O que acontece no Paraguai revela o seu grau de fragilidade como Estado-Nação capitalista, o protótipo do protagonismo mafioso plantado nas estruturas políticas, militares e sociais do país. A dimensão da impunidade é o estímulo para desafiar o novo governo desde o primeiro dia. Estão a aproveitar a ausência de um poderoso movimento social e político que defenda Lugo. De todas as maneiras isso não pode evitar a mudança que acaba de iniciar Fernando Lugo. Então a tarefa é desestabilizá-lo.
Na Venezuela, tiveram que esperar até que Chávez falasse das "leis de aprofundamento da revolução", em Setembro de 2001, pois estas falavam no direito social da terra, na recuperação do petróleo, da PSDVA e outras coisas muito feias para a elite.
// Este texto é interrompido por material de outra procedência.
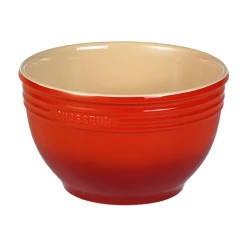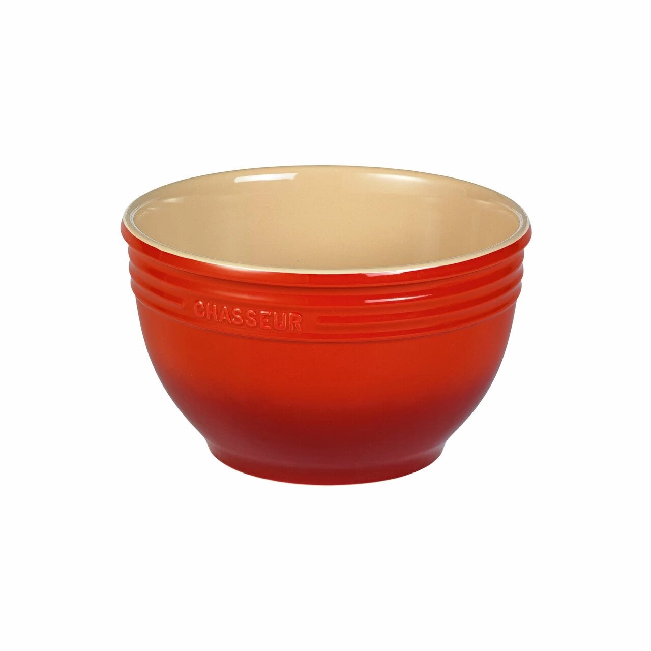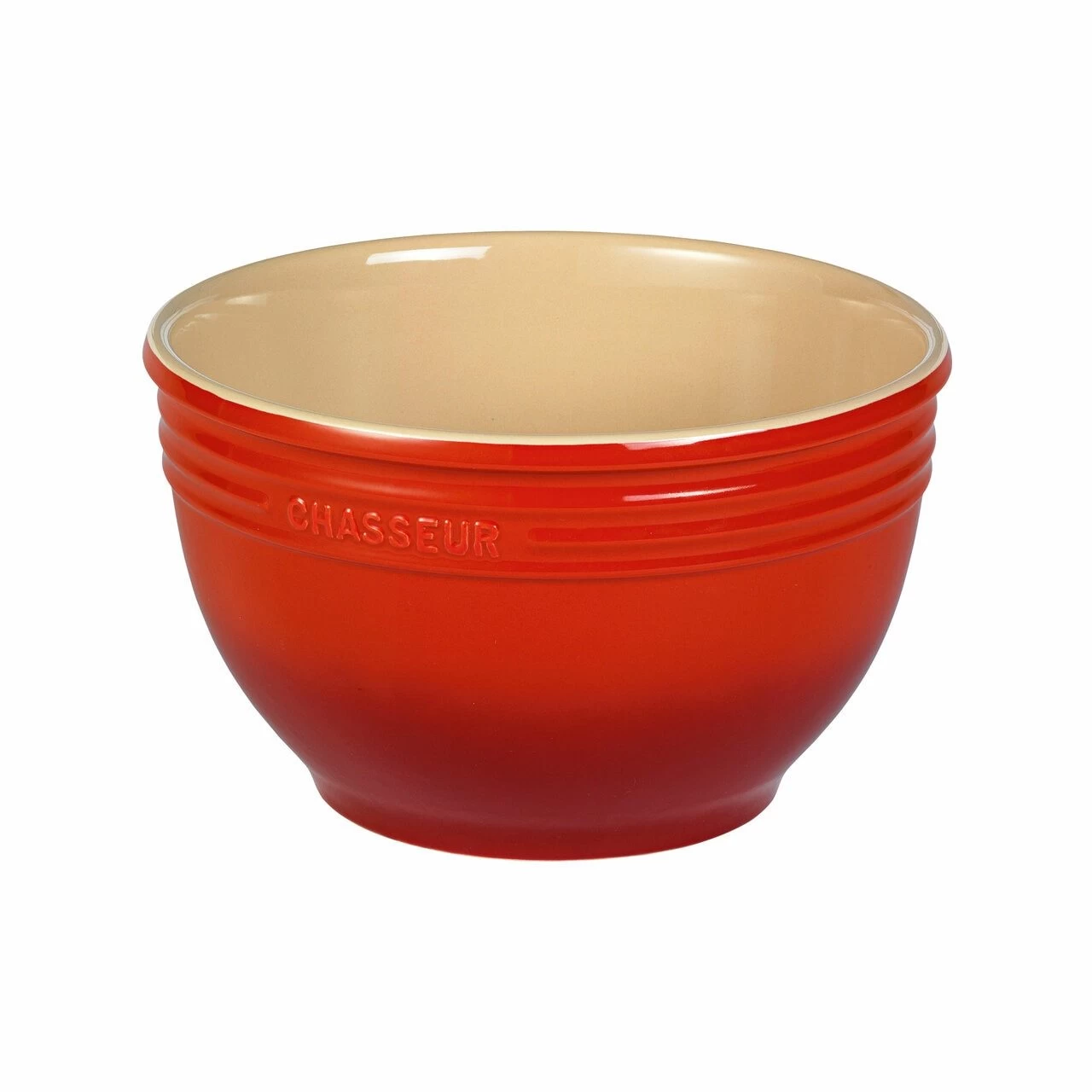 Mix marinades, cake batters, or dough with this generously sized Chasseur Mixing Bowl. Its grooved rim adds grip, while the enamelled surface ensures effortless clean-up. Made to withstand varying temperatures, this bowl is also safe for microwave, freezer, and oven use.

Nos três anos prévios, a tarefa foi tentar comprá-lo, corrompê-lo e agradá-lo. Reveladora a declaração de Pedro Carmona numa entrevista em Junho de 1999. "Este homem que faça o que bem quiser com sua Constituição Bolivariana e seus discursos incendiários, desde que não queira tocar no petróleo e tumultuar este país". Esse sentido de poder de classe conduziu o golpe de 11 de abril de 2002.
Com Evo, a situação que levou à primeira conspiração de Novembro de 2006 começou seis meses antes, no mesmíssimo dia 1º de maio em que os hidrocarbonetos foram nacionalizados. Não somente foi a resposta das multinacionais afectadas, começando pela Petrobras, mas também o susto dos chefes de Santa Cruz e os outros estados com reservas de gás: entenderam que estavam a ponto de perder o seu controlo sobre esses recursos. Cinco meses depois, já andavam a reunir-se com agentes da embaixada dos Estados Unidos, buscando aliados nas Forças Armadas, na igreja, junto à USAID, à CIA e outros órgãos e culminaram há poucos dias com uma tentativa de golpe de estado.
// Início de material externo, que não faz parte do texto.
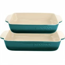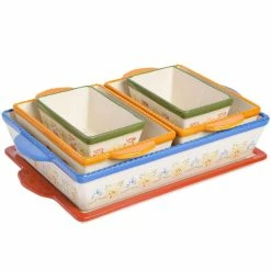 Anaya 2-Piece Rectangle Stoneware Bakeware Set with Hand Painted Designs by GIBSON ELITE
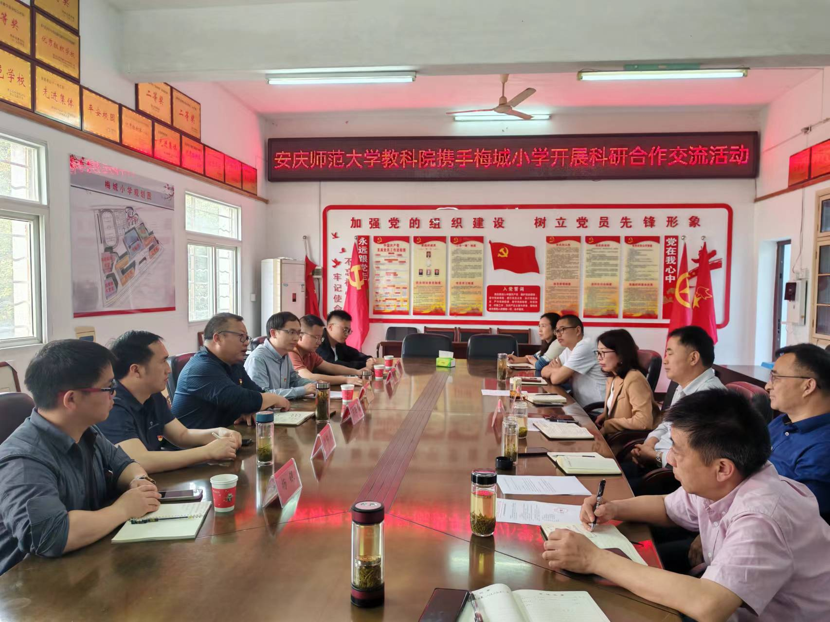 梅城小公司领导热情接待团队一行,介绍了梅城小学的办学历史、校园特色文化建设、课程教学、团队力量等方面的情况。随后,彭文超代表课题组简要汇报所主持的全国教育科学规划项目“意义世界视域的新时代儿童美好心灵培育研究”的研究进展情况。课题组成员、梅城小学董事长周葛林介绍梅城小学在培育“美(梅)好少年”方面的实践经验和特色成果。双方就课题组以梅城小学为研究对象开展相关主题研究的方案进行了讨论。吴云助和潜山市教育局基教科领导分别作指导。团队还与梅城小学就其校园文化创建和成果总结提炼、校本课程开发、名师团队创建等事宜开展合作洽谈,并达成合作意向。
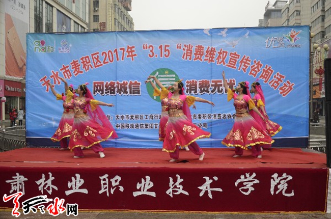 为了烘托“3•15国际消费者权益日”纪念活动氛围,甘肃林业职业技术学院的学生在活动现场进行了歌舞演出,在场的群众参与了相关法律法规、网络消费常识问答,现场气氛热烈,达到了活动目的。

Quanto a Correa, os ataques começaram no Parlamento opositor que quase lhe fez perder quatro ministros no primeiro ano. O movimento cresceu com a resolução presidencial de acabar com a base norte-americana de Manta em 2009 e por sua vontade de pertencer ao "socialismo do século 21".
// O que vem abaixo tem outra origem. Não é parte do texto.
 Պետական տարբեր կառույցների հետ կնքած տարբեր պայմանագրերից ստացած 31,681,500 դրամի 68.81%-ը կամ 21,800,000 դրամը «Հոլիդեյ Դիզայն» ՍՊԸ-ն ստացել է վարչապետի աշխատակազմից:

Há muita gente que não quer perder os privilégios adquiridos durante os governos da ditadura, e que vão procurar a qualquer custo impedir que Lugo realize as mudanças de forma pacífica e transparente.
A incrível lembrança de mais de 300 golpes sofridos pela América Latina no século 20 deve fazer-nos pensar no que verdadeira-mente ali está a acontecer nos últimos tempos e o que ali faz a 4ª esquadra dos Estados-Unidos.